(STUDY MATERIAL Opens)

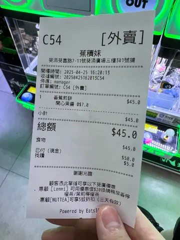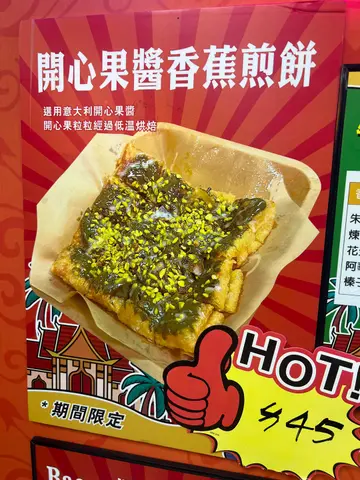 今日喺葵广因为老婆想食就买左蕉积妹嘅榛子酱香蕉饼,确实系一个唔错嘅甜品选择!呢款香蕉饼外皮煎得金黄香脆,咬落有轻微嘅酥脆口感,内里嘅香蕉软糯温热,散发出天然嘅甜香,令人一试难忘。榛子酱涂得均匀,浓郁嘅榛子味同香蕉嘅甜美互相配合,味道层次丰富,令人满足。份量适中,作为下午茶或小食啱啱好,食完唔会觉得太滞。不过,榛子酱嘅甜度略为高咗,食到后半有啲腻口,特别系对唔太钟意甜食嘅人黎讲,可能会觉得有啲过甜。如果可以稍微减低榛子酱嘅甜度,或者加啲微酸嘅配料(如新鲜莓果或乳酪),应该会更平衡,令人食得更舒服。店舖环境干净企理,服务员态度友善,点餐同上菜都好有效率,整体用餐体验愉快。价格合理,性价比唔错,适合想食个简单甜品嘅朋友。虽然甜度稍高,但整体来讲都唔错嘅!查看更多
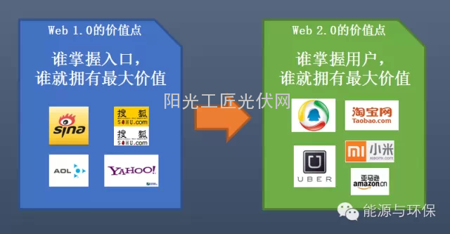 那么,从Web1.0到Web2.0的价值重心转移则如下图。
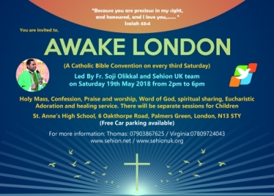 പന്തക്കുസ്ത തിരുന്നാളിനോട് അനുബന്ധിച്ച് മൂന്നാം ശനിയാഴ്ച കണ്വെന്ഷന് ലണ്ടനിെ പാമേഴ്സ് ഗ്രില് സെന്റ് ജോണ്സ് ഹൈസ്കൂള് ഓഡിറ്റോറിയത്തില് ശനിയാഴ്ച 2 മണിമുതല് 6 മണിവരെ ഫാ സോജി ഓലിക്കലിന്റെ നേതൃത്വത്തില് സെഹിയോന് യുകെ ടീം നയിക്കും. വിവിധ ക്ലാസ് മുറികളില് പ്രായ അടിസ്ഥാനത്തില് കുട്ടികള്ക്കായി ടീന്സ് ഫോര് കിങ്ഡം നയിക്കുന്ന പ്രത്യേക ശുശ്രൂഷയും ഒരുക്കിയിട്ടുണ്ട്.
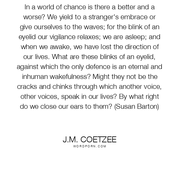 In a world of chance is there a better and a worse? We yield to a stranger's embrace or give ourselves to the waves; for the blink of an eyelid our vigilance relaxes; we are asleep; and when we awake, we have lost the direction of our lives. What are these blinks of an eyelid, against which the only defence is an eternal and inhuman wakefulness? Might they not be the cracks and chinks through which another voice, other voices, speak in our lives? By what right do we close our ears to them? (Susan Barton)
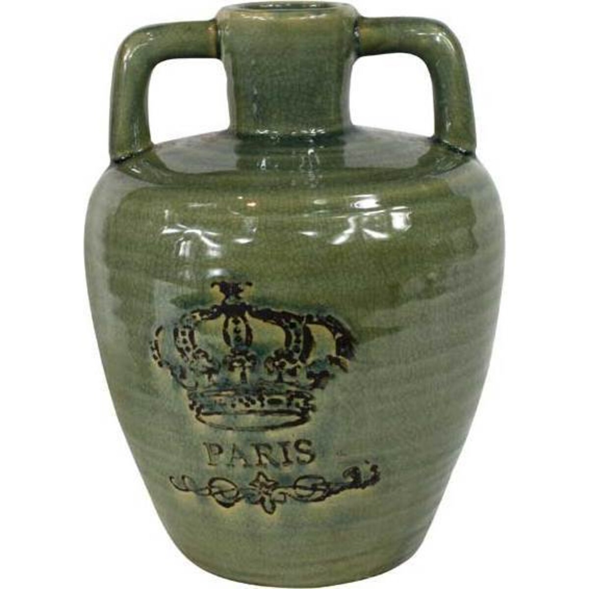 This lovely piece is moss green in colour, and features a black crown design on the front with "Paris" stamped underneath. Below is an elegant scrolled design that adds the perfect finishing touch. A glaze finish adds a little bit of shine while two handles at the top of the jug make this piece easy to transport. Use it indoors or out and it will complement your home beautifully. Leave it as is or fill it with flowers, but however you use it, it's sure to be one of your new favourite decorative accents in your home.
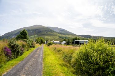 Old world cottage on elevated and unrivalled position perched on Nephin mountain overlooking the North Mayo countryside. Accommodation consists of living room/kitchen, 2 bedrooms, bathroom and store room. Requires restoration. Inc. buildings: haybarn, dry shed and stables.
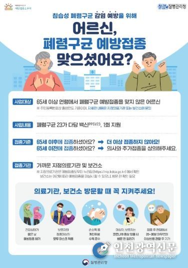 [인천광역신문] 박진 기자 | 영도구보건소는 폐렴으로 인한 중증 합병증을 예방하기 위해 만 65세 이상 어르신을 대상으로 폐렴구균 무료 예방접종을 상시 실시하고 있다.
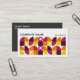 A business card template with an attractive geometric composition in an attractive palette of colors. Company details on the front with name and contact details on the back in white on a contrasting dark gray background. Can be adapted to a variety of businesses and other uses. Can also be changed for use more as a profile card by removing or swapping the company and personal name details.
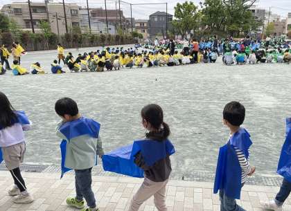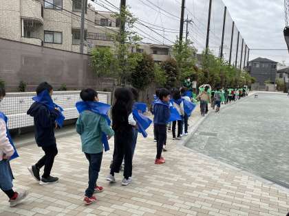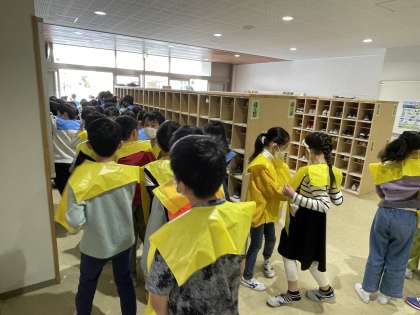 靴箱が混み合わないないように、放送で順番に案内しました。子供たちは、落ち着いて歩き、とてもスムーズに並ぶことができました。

(STUDY MATERIAL Closes)

**YOUR INSTRUCTIONS**.
Retype, please, exactly the lines that begin with the one containing "Old world cottage" and end at the last line of the entries above, both included, leaving out pictures.

**ANSWER SPACE**.
 Old world cottage on elevated and unrivalled position perched on Nephin mountain overlooking the North Mayo countryside. Accommodation consists of living room/kitchen, 2 bedrooms, bathroom and store room. Requires restoration. Inc. buildings: haybarn, dry shed and stables.
 [인천광역신문] 박진 기자 | 영도구보건소는 폐렴으로 인한 중증 합병증을 예방하기 위해 만 65세 이상 어르신을 대상으로 폐렴구균 무료 예방접종을 상시 실시하고 있다.
 A business card template with an attractive geometric composition in an attractive palette of colors. Company details on the front with name and contact details on the back in white on a contrasting dark gray background. Can be adapted to a variety of businesses and other uses. Can also be changed for use more as a profile card by removing or swapping the company and personal name details.
 靴箱が混み合わないないように、放送で順番に案内しました。子供たちは、落ち着いて歩き、とてもスムーズに並ぶことができました。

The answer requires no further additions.